Business is bad all over. Gone are the free-spending days. Anybody who has any money holds on to it tightly. Home-grown tomatoes expects a boom. U.S. News and World Report cites research by Atlee Burpee, the world's biggest seed company, that “$50 of seeds and fertilizer can yield $1,250 worth of produce.” Starbucks is leaking profits, down 69 percent in the fourth quarter of last year. Meanwhile, home coffee makers are selling faster than they can be shipped; Mr. Coffee is up five percent from last year. Other stay-at-home pleasures thrive during hard times. Netflix subscribers increased 26 percent. Harlequin publishers sold $3-million more romances, and the Borders book chain says science fiction, fantasy, and humor were up. Rounding out a list of businesses doing well these days were sales of chocolate candy and condoms.
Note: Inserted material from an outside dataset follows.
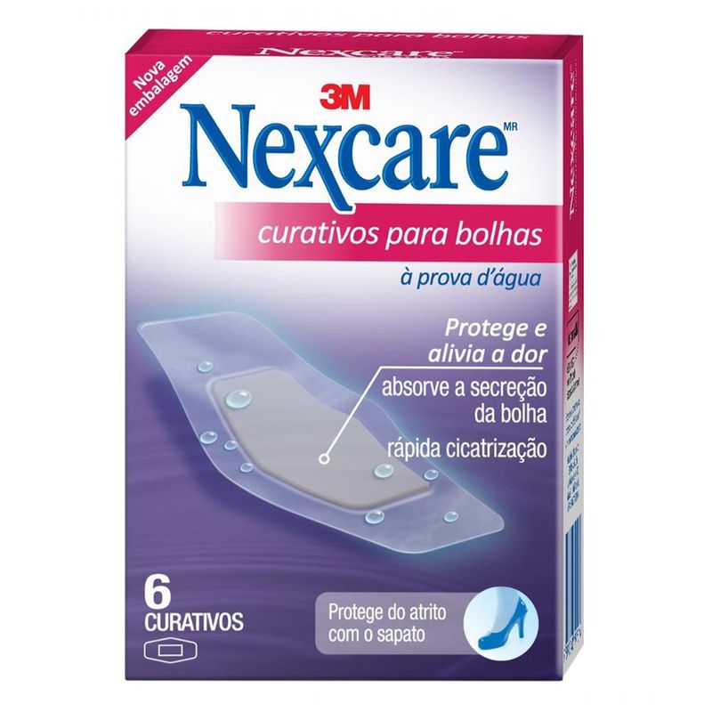 CURATIVO PARA BOLHAS NEXCARE 3M À PROVA D'ÁGUA 6 UNIDADESOs Curativos para Bolhas Nexcare são 100% à prova d’água e deixam a pele respirar, seu formato diferenciado impede a entrada de água, germes, sujeira e deixa a pele transpirar, sem causar novos machucados. Resistentes, protegem a região do atrito com o sapato. Fáceis de aplicar com tecnologia Nexcare para cuidado dos pés. Benefícios: - Feitos com gel hidrocolóide, absorvem a secreção da bolha, promovendo rápida cicatrização e aliviando a dor da região; - 100% à prova d’água e deixam a pele respirar; - Formato diferenciado que impede a entrada de água, germes e sujeira; - Resistentes, protegem a região do atrito com o sapato; - Super discretos e confortáveis; - Fáceis de aplicar; - Tecnologia Nexcare para cuidado dos pés.

Of course, demand is high for businesses such as employment counseling and resume writing. Nielsen Online reports traffic to job sites increased 20 percent in January 2009 from the year before. The March unemployment rate rose to 8.5 percent, the highest in 25 years, according to the U.S. Department of Labor. Unemployment increased from February’s 8.1 percent. Some 663,000 additional jobs were cut from payrolls in March, the fifth straight month with job losses of 600,000 or more. Since the recession began in December 2007, a total of 5.1 million jobs have vanished. The last time U.S. unemployment was as high as 8.5 percent was in November 1983 when the economy was recovering from a recession in the early 1980s. Ronald Reagan was President. During that downturn, unemployment rose as high as 10.8 percent in November and December 1982.
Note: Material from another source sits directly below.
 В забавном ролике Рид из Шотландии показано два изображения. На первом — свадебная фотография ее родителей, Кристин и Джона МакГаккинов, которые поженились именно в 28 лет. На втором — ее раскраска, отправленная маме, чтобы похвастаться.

U.S. Department of Labor unemployment statistics are based on applications for payment of unemployment benefits. Not included are those who do not apply or are ineligible for benefits, those who have put together two part-time jobs to replace lost full-time income, those who have given up and stopped looking for work, or those who have been out of the work force for a long period of time. President Obama recently fired the head of General Motors. I do not think the failed automobile executive will be counted in the statistics, even if he does not immediately find a new job or try to look for one. I suspect his golden parachute will provide him a plenty soft enough landing.
In America, at least you know you are free to believe anything you want. If you do not have a job, there is only one thing to believe.